Chicoutimi-Saguenay

Defunct provincial electoral district
- Legislature: National Assembly of Quebec
- District created: 1867
- District abolished: 1912
- First contested: 1867
- Last contested: 1908

= Chicoutimi-Saguenay (provincial electoral district) =

Chicoutimi-Saguenay (or Chicoutimi et Saguenay) was a former provincial electoral district in the province of Quebec, Canada.

It was created for the 1867 election (and an electoral district of that name existed earlier in the Legislative Assembly of the Province of Canada).
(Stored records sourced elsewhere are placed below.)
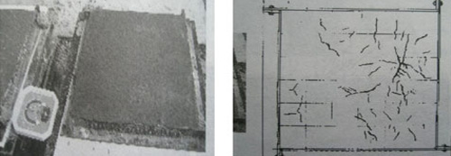 左圖:同一環(huán)境中不同保濕條件下的試件; 右圖:未覆蓋的試件裂縫開展情況(實測描繪)
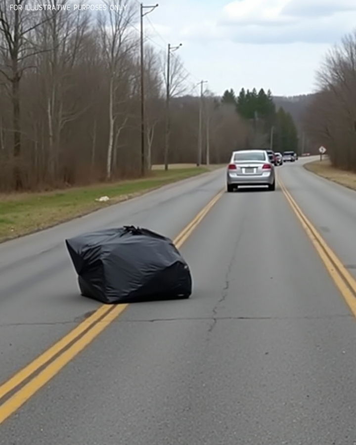 As he drew closer, he noticed the rear door of the car crack open, and in a flash, something was tossed onto the roadside. The door slammed shut, and the vehicle sped off into the misty rain.
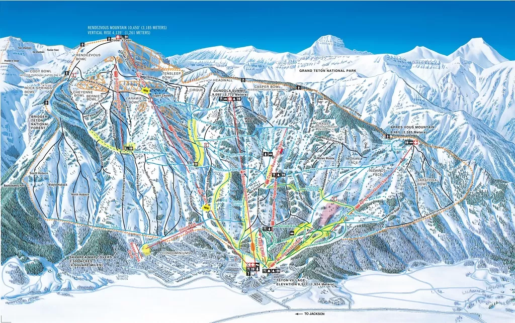 Ogni anno la valle è ricoperta da una coltre di neve che può raggiungere i 4-5 metri. Le precipitazioni intense favoriscono la formazione di grandi ghiacciai come lo Schoolroom, il Teton, lo Skillet. Il Rendezvous Mountain, il picco più alto e l'Apresvous sono due montagne che offrono emozioni per il grande sci. I grandi spazi (1000 ettari di terreno e 1200 ettari di terreno back country) ed i 1261 metri di dislivello sciabile compresi tra i 1924 e i 3185 metri con pendii a precipizio regalano emozioni.
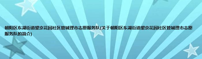 本文关于朝阳区东湖街道望京花园社区管城理市志愿服务队的简介就讲解完毕,希望对大家有所帮助。
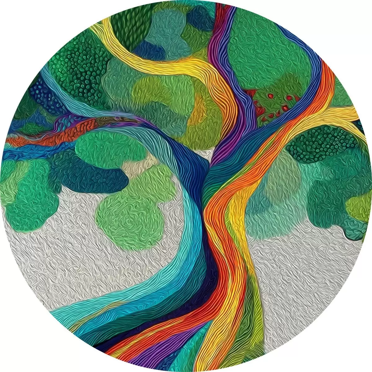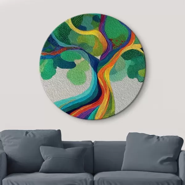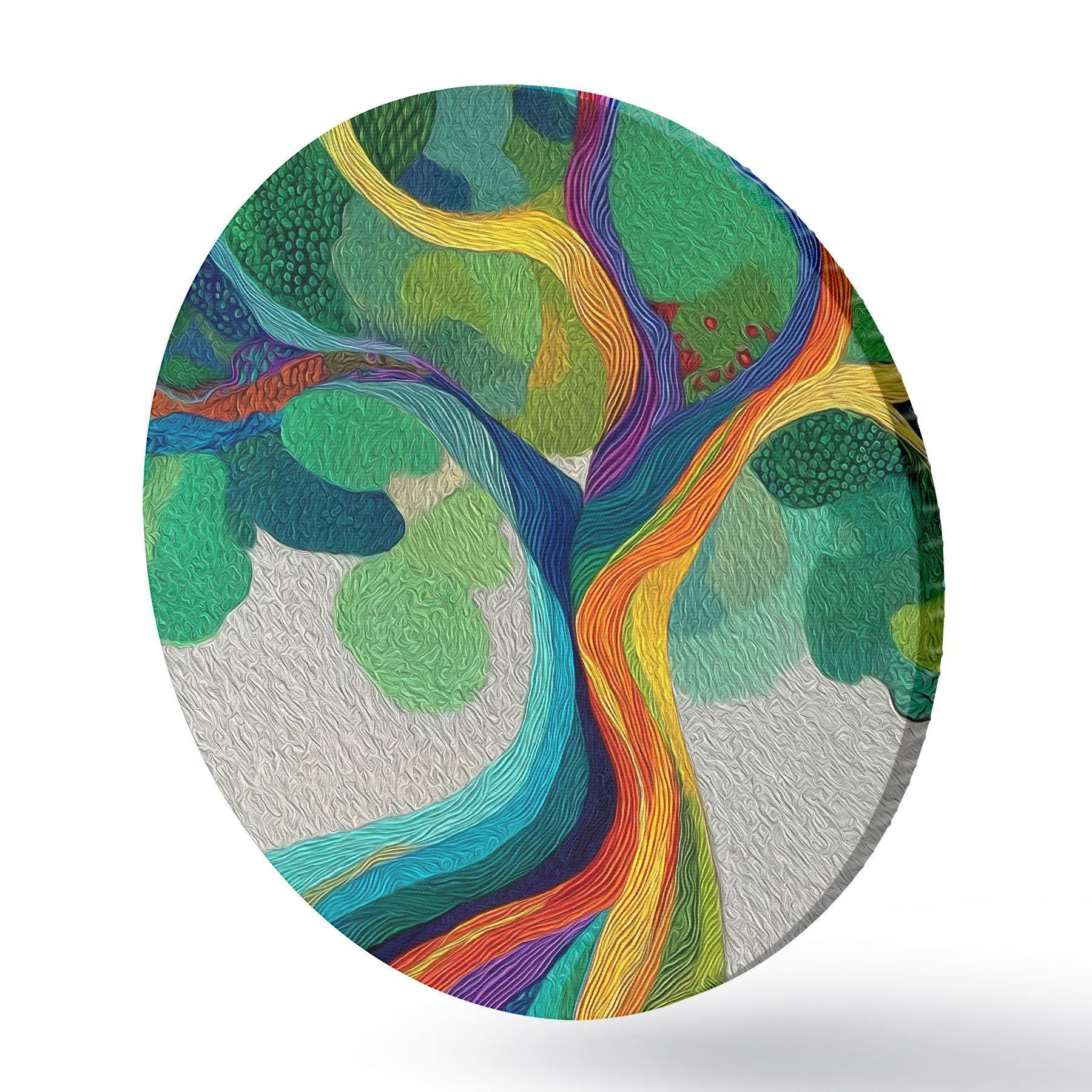Tableaux rondes Arbre aux branches arc-en-ciel sur fond vert Nr r46173
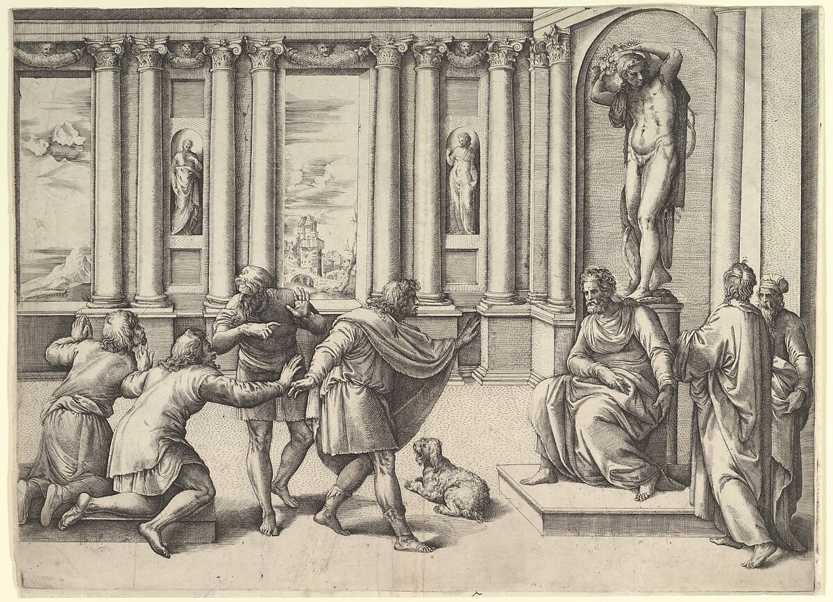 Man Seated Beneath a Statue of Bacchus, Receiving an Audience
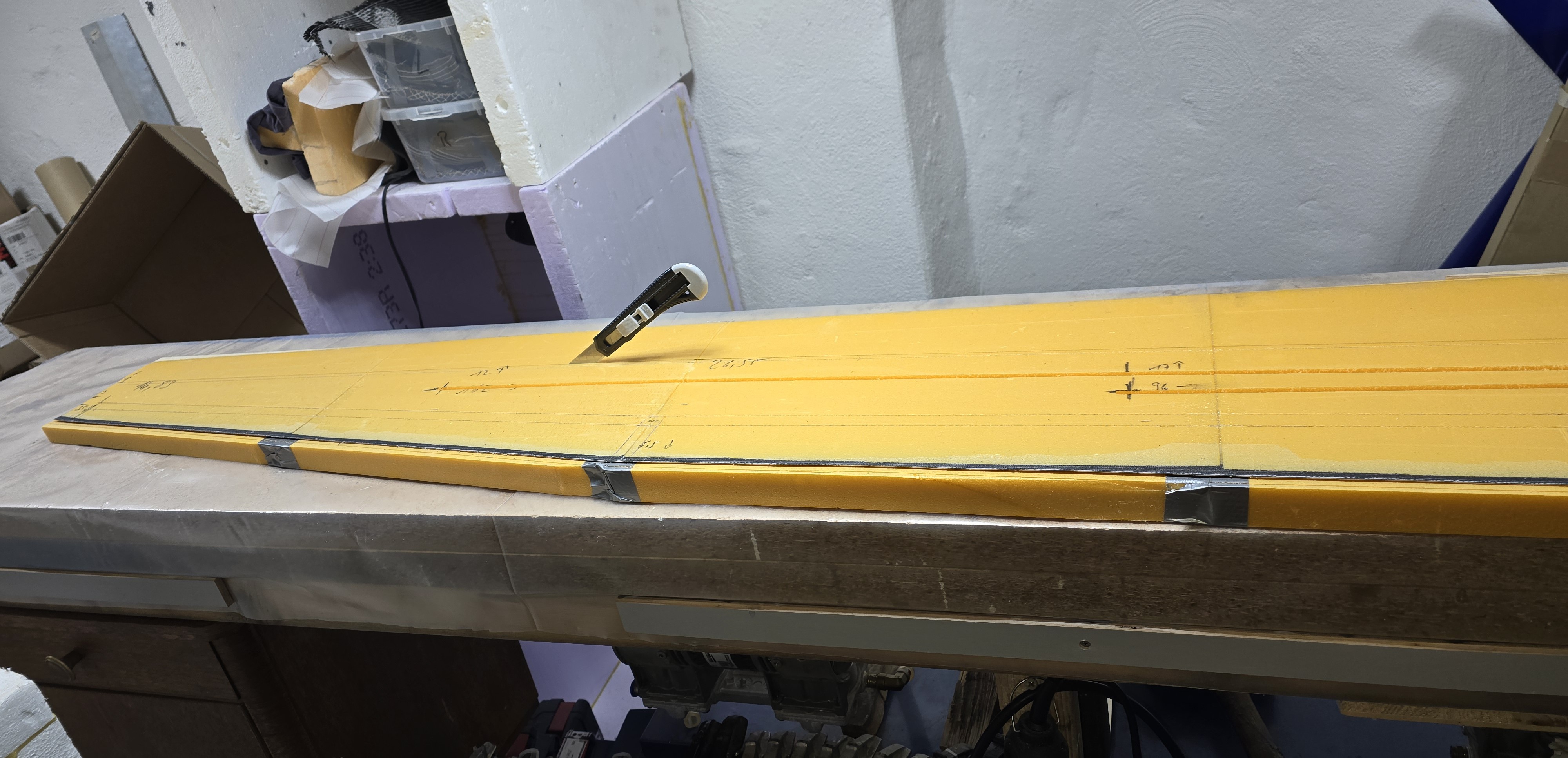 3x45cm und 2x40cm (Edit: Meine CNC ist "nur" noch 69cm von Drahtauflage zu Drahtauflage breit. Dadurch habe ich viel sauberere Kerne, man ist gezwungen die Aerodramatik sauberer zu basteln und die möglichen Schneidewinkel sind damit dann halt ungleich höher als bei der alten Variante mit 1,3m Breite, in die halt aber die Platten zum ablängen Quer gepasst haben. ...einen Tod muss man halt sterben, ich in dem Fall lieber den, dass ich neben der CNC noch einen alten Tisch stehen habe, auf dem der alte, breite Bogen liegt und ich dann eben von Hand ran muss....)

Its final election was in 1908. It disappeared in the 1912 election, when it was split into Charlevoix—Saguenay and Chicoutimi.

==Members of the Legislative Assembly==
- Pierre-Alexis Tremblay, Independent - Liberal (1867–1874)
- Michel Guillaume Baby, Conservative Party (1874–1875)
- William Evan Price, Conservative - Independent Conservative (1875–1880)
- Joseph-Élisée Beaudet, Conservative Party (1880–1881)
- Élie Saint-Hilaire, Independent Conservative (1881–1888)
- Séverin Dumais, Parti national (1888–1890)
- Onésime Côté, Parti national (1890–1892)
- Honoré Petit, Conservative Party - Liberal (1892–1912)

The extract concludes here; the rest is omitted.